Le retard dans la déclaration peut-il constituer une faute de gestion engageant la responsabilité du dirigeant pour insuffisance d’actif
Solution
La Cour de cassation casse l’arrêt d’appel, rappelant que :
En vertu des articles L. 611-4 et L. 631-4 du Code de commerce, un dirigeant n’est pas tenu de déclarer l’état de cessation des paiements tant qu’une procédure de conciliation est en cours. L’obligation de déclaration prend effet immédiatement à l’expiration de cette procédure.
La cour d’appel a violé ces textes en considérant que la procédure de conciliation n’exonérait pas M. [M] de ses obligations. Elle aurait dû examiner si M. [M] avait respecté son obligation de déclaration à la fin de la conciliation pour apprécier une éventuelle faute.
Motifs
Sur l’exonération durant la conciliation :
Le délai de quarante-cinq jours pour déclarer la cessation des paiements est suspendu pendant une procédure de conciliation. Ce mécanisme vise à favoriser la recherche d’un accord entre le débiteur et ses créanciers sans aggraver la situation juridique du dirigeant.
Sur l’imputabilité du passif :
La Cour de cassation précise que pour engager la responsabilité d’un dirigeant en insuffisance d’actif, il faut démontrer une faute distincte et prouvée. En l’espèce, le passif imputable à M. [M] doit être apprécié à l’expiration de la procédure de conciliation et non avant.
Analyse
Cet arrêt confirme que la conciliation protège le dirigeant en suspendant son obligation de déclarer l’état de cessation des paiements, renforçant ainsi l’attractivité de ce mécanisme dans la gestion des difficultés des entreprises.

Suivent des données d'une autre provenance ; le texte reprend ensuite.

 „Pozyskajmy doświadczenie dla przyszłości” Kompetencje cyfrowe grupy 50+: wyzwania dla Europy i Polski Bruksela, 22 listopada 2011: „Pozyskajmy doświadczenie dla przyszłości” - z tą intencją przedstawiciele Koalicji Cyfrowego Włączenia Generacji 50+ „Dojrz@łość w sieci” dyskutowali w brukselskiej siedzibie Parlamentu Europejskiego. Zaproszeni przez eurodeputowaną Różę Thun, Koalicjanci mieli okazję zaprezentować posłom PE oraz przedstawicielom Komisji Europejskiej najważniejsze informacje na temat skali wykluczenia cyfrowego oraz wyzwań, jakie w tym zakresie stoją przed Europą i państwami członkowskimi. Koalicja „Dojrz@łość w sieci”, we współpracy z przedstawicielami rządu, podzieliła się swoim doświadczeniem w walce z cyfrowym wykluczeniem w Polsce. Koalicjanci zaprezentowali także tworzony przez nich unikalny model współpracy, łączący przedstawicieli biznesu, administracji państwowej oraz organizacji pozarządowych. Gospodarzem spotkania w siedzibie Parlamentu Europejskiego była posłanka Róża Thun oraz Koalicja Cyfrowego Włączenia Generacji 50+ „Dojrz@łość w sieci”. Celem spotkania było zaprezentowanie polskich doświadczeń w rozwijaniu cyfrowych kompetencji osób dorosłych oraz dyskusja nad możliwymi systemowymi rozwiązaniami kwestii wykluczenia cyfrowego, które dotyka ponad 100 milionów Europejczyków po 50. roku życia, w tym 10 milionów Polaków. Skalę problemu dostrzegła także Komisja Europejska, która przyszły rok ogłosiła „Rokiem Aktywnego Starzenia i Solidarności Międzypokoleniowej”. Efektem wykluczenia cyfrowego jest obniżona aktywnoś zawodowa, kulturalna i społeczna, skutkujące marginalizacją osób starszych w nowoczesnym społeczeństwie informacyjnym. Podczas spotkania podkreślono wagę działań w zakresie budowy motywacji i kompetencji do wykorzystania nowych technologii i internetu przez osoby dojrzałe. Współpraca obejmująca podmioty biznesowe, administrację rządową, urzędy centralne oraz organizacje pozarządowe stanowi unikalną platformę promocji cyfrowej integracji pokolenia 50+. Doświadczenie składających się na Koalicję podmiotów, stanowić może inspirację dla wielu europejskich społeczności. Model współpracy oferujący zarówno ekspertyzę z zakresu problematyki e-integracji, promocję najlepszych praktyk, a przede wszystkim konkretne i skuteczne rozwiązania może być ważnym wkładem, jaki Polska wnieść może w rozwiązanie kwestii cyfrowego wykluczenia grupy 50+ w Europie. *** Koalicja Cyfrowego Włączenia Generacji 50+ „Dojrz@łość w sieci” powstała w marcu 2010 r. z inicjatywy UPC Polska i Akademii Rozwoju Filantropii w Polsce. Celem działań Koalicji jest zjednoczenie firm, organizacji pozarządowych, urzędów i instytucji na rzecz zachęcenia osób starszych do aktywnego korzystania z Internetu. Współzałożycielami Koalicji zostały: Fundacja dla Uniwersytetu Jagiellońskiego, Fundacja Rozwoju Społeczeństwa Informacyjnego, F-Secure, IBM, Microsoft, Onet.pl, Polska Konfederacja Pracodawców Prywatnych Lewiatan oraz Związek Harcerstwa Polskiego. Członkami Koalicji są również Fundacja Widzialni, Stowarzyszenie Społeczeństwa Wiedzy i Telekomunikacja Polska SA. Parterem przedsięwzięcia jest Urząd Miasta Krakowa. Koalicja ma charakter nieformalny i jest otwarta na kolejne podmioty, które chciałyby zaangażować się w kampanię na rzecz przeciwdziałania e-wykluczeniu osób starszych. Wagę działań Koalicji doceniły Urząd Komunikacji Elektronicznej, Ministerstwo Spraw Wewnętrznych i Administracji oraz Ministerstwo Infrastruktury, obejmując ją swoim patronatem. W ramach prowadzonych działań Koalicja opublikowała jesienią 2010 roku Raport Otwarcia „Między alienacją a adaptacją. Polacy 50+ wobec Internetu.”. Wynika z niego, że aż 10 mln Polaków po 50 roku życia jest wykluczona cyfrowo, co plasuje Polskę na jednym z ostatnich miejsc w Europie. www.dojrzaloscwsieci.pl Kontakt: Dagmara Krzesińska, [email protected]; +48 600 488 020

En outre, la Cour rappelle qu’une condamnation pour insuffisance d’actif nécessite une analyse rigoureuse des fautes de gestion. En l’absence de manquements caractérisés à l’issue de la procédure de conciliation, la responsabilité du dirigeant ne peut être retenue.
Conclusion
Cette décision est importante car elle réaffirme les protections conférées par la procédure de conciliation, tout en soulignant que la responsabilité des dirigeants ne peut être engagée qu’après une analyse précise du moment où les obligations légales prennent effet. Elle offre ainsi une sécurité juridique aux chefs d’entreprise face aux risques liés à la gestion des difficultés financières.